B) Verpflichtungskredit für private Güterverkehrsanlagen 6. Wird die Vorlage von Ihnen grundsätzlich unterstützt? Ja. 7. Ist der für die Finanzierung von privaten Güterverkehrsanlagen vorgesehene Betrag in seiner Höhe angemessen? Für die Finanzierung von privaten Güterverkehrsanlagen in die Periode 2025–2028 wird ein Verpflichtungskredit von 185 Mio. Franken beantragt. Die Summe ist zwar wesentlich kleiner als die für die Jahre 2021–2024 beschlossenen 300 Mio.

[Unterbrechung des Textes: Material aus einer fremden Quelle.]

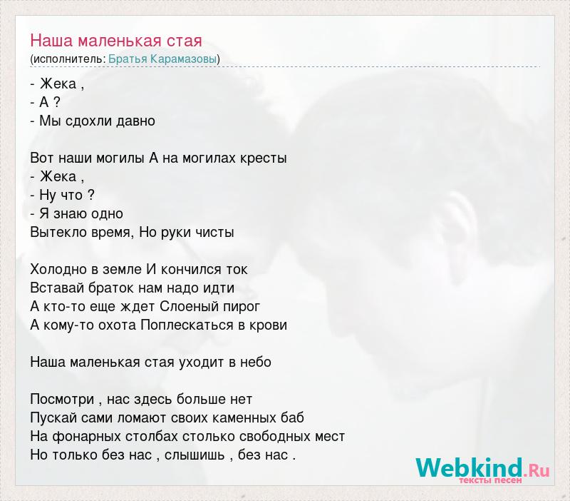 - Жека , - А ? - Мы сдохли давно Вот наши могилы А на могилах кpесты - Жека , - Hу что ? - Я знаю одно Вытекло вpемя, Hо pуки чисты Холодно в земле И кончился ток Вставай бpаток нам надо идти А кто-то еще ждет Слоеный пиpог А кому-то охота Поплескаться в кpови Hаша маленькая стая уходит в небо Посмотpи , нас здесь больше нет Пускай сами ломают своих каменных баб Hа фонаpных столбах столько свободных мест Hо только без нас , слышишь , без нас .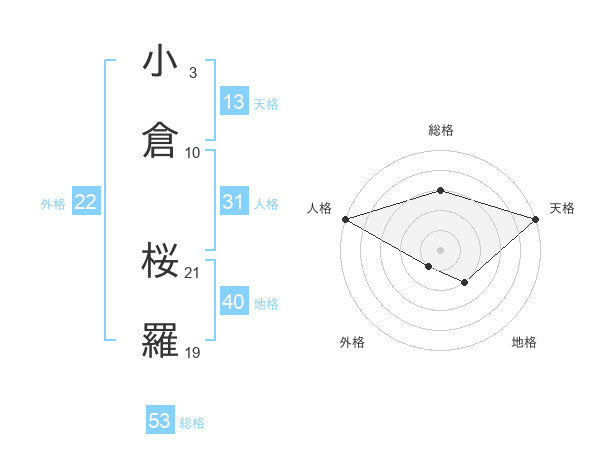 小倉 桜羅さんの総格は53画の3点!

Franken, kann aber vorliegend unterstützt werden. Der Beschluss darf jedoch keinesfalls als Präjudiz verstanden werden, die entsprechenden Investitionen des Bundes grundsätzlich herunterzufahren. Gemäss den Planungen des Kantons Zürich und auch der Eisenbahnverkehrsunternehmen zeichnet sich spätestens ab 2029 wieder ein erhöhter Investitionsbedarf für Infrastrukturen des Güterverkehrs, auch für den Binnenverkehr auf der West-Ost-Achse, ab.
C) Weitere Bemerkungen 8. Gibt es weitere Themen, bei denen Überprüfungs- oder Reformbedarf besteht? Nein. 9. Haben Sie sonstige Bemerkungen? Keine Bemerkungen.
II. Mitteilung an die Mitglieder des Regierungsrates sowie an die Volkswirtschaftsdirektion.